James wants to cover a floor measuring 90 cm by 120 cm with square tiles of the same size. Given that he uses only whole tiles, find a) the largest..
possible length of the side of each tile, b) the number of tiles that are needed to cover the floor.
The length and breadth of the floor = 90m nad 120 meter.
To find the the largest possible measurements of the whole nnumber of tiles he can cover the whole floor.
Since the largest measurement of the tiles is a number that is the greatest factor of both 120 and 90.
Therefore the greatest possible divisor of both 90 120 is the GCD (greatest comon divisor 0 of both 90 and 120.
GCD (120, 90) :
120 = 90*1+30.
30 = 30*3+0.
So GCD (12, 90) = 30.
Therefore the greatest possible measurement of the square tiles is 30m by 30 m .
The number of tiles required to cover the floor = floor area / single tile area = 120*90/30^2 = 12 tiles .

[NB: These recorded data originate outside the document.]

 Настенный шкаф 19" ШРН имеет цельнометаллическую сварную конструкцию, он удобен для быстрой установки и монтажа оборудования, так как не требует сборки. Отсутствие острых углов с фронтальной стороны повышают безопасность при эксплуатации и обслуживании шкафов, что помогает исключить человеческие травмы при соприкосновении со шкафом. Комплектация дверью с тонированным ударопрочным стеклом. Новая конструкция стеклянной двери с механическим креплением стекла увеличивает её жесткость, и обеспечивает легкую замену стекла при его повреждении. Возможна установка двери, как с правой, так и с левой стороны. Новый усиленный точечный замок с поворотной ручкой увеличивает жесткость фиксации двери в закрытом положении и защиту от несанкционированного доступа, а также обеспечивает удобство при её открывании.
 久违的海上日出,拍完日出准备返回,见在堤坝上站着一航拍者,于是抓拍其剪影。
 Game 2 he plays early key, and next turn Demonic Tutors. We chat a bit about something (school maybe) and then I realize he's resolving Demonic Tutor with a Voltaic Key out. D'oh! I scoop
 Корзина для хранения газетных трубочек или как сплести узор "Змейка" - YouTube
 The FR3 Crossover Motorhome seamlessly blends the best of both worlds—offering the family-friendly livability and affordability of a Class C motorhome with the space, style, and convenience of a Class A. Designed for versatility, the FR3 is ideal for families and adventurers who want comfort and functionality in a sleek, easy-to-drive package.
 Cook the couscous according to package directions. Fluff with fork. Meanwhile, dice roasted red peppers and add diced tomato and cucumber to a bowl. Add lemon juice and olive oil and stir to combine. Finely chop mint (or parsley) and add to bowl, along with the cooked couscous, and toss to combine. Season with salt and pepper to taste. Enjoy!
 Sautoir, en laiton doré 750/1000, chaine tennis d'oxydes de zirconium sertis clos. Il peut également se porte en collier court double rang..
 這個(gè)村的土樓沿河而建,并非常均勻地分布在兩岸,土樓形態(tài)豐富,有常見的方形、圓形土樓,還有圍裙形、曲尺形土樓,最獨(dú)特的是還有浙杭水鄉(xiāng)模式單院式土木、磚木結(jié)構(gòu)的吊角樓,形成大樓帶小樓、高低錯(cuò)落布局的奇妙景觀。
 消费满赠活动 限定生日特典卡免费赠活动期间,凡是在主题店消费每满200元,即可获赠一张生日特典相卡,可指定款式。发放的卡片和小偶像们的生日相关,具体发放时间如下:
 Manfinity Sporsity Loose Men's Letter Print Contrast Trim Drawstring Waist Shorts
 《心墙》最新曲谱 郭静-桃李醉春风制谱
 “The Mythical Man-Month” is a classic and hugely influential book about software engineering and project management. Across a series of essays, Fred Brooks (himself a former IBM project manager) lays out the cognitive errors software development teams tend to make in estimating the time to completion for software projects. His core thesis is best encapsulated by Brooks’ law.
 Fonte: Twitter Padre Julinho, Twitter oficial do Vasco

The area of the floor that has to be covered is:
A = 90*120 cm^2
We'll put the length of the tile as x.
The number of tiles that covers the length of the floor:
n = 120/x
The number of tiles that covers the width of the floor:
m = 90/x
To find the largest length of the tile, you'll have to determine the highest common factor (or Greatest Common Divisor) of 90 and 120:
90 = 2*3^2*5
120 = 2^3*3*5
GCD = 2*3*5 = 30 cm
The largest length of the tiles is of 30cm.
To find the number of tiles that are needed to cover the floor, we'll calculate the number of tiles needed to cover the length of the floor and the number of tiles needed to cover the width of the floor.
The number of tiles, whose lengths is 30, that covers the length of the floor is:
n = 120/30
n = 4 tiles
The number of tiles, whose lengths is 30, that covers the width of the floor is:
m = 90/30
m = 3 tiles
The total number of tiles needed to cover the floor:
m*n = 4*3 = 12 tiles